The Little Girl at the Door was exhibited in 1910 at the Royal Academy in London and at the Paris Salon, and 20 years later was presented to The Royal Museum & Art Gallery by 16 of her former students. There is little about the artist on the Web, just enough to offer a glimpse of a fascinating woman and a fascinating painting. I’d love to know more, but I need to be grateful that our paths crossed at all.

Out on the streets, I saw a Goth, an old street-person with Tourette’s, many young art students, two tattoo parlors, and a post office that included a stationery store where I bought a pen just because I could.

Then the Cathedral, the center of the worldwide Anglican communion of which I have been a member for the past three or so years, the scene of Thomas Becket’s martyrdom in 1170, the destination of Chaucer’s pilgrims in The Canterbury Tales, a house of stone alive with faith and history: a stained glass window from 1176, towers completed in 1130, 1405 and 1498, tombs, memorials, stonework as delicate as lace, soaring arches, too much for me to take in.
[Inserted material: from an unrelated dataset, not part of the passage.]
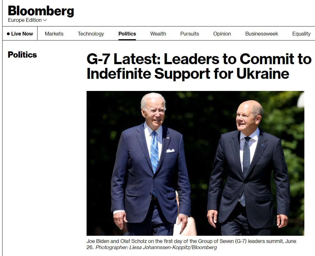 Лидеры G7 обязуются оказывать Украине бессрочную поддержку в ее защите от вторжения России.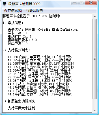 極智聲卡檢測器2008,當然是一款檢測聲卡的軟件啦,他可以檢測你聲卡的名稱、ID、驅(qū)動版本、輸出聲道、支持格式……而且不用安裝

I felt a special connection with the tomb of the Black Prince, Edward, Prince of Wales, who died in 1376. At the foot of his gilded effigy, also in effigy, lies his dog. This I understand.

I spent the afternoon wandering in the Cathedral, checked into my room, and then went out for dinner at The Miller’s Arms, a lovely local I’d found online before my trip. I ordered a pint of Shepherd Neame’s Masterbrew and took in my surroundings. On a rafter was chalked a quote from Herb Caen, San Francisco’s famed writer, which read, “Like a camel, I can go without a drink for seven days ­ and have on several horrible occasions.” I ordered fish & chips, and settled in, listening to Bryan Adams’ “Cuts like a Knife.” At the largest table, a group of young people gathered. The young men were talking about wireless communication for laptops, and the young women were talking about bra straps. One of the women said to one of the men, “I’ve never seen you without your laptop and I’ve never seen you without that t-shirt.” I envied them their youth.

Another couple sat by the window, not speaking, he with a pint, she with a glass of wine. Then they left; outside, they took one another’s hand and began talking as they walked.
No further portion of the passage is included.